Available data:
══════
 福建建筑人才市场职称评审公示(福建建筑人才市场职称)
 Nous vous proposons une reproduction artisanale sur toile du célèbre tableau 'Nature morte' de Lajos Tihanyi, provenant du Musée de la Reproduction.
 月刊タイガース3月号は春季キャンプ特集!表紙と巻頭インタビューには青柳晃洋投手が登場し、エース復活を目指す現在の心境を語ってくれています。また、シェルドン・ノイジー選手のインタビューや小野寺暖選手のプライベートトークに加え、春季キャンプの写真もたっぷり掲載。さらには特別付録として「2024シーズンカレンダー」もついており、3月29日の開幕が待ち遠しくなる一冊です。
══════
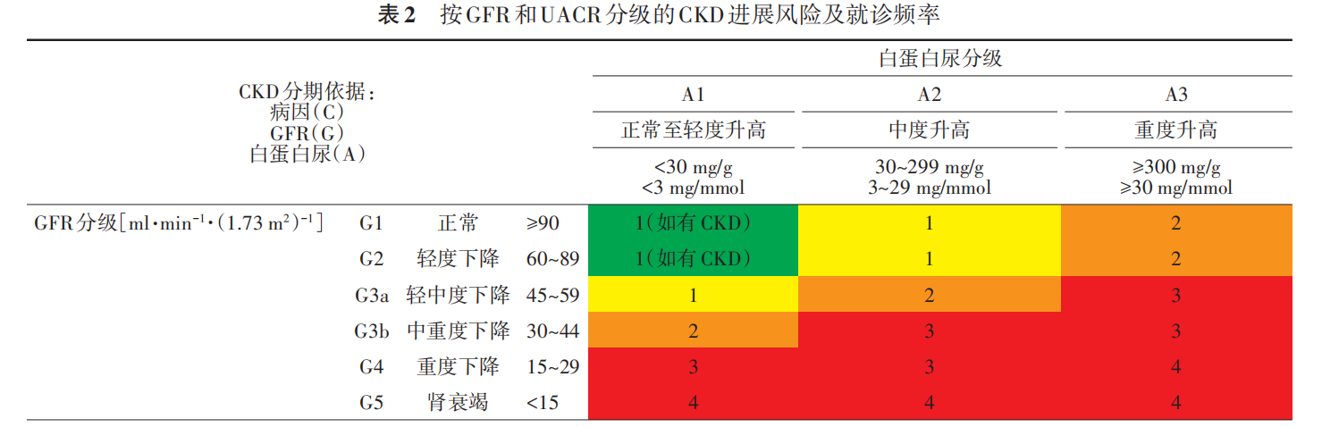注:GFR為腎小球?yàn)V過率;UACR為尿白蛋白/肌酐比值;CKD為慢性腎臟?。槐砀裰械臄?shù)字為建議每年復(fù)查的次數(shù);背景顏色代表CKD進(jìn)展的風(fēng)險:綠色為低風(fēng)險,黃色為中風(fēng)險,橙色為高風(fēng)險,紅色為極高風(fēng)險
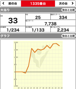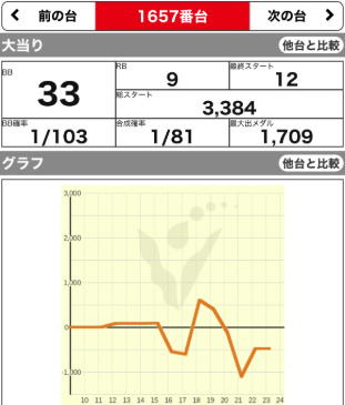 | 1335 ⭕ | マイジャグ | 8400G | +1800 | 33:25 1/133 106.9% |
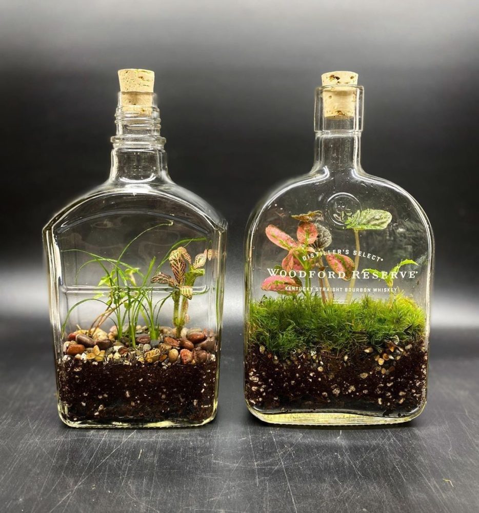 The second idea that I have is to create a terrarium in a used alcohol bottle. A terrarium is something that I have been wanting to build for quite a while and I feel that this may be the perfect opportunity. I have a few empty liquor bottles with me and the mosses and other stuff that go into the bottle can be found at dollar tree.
══════
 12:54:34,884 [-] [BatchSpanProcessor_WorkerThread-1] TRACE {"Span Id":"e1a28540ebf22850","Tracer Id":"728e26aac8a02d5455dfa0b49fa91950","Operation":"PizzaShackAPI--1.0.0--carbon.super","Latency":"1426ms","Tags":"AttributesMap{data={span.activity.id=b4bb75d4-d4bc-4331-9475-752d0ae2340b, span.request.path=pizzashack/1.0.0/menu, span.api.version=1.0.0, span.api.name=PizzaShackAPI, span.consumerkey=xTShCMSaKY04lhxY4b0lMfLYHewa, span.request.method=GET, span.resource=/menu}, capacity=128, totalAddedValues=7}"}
══════
Instructions for the task:
Return, exactly as they stand, the lines above from the one with "1/133 106.9% |" to the one with "The second idea", omitting any pictures among them.

Solution for this task:
 | 1335 ⭕ | マイジャグ | 8400G | +1800 | 33:25 1/133 106.9% |
 The second idea that I have is to create a terrarium in a used alcohol bottle. A terrarium is something that I have been wanting to build for quite a while and I feel that this may be the perfect opportunity. I have a few empty liquor bottles with me and the mosses and other stuff that go into the bottle can be found at dollar tree.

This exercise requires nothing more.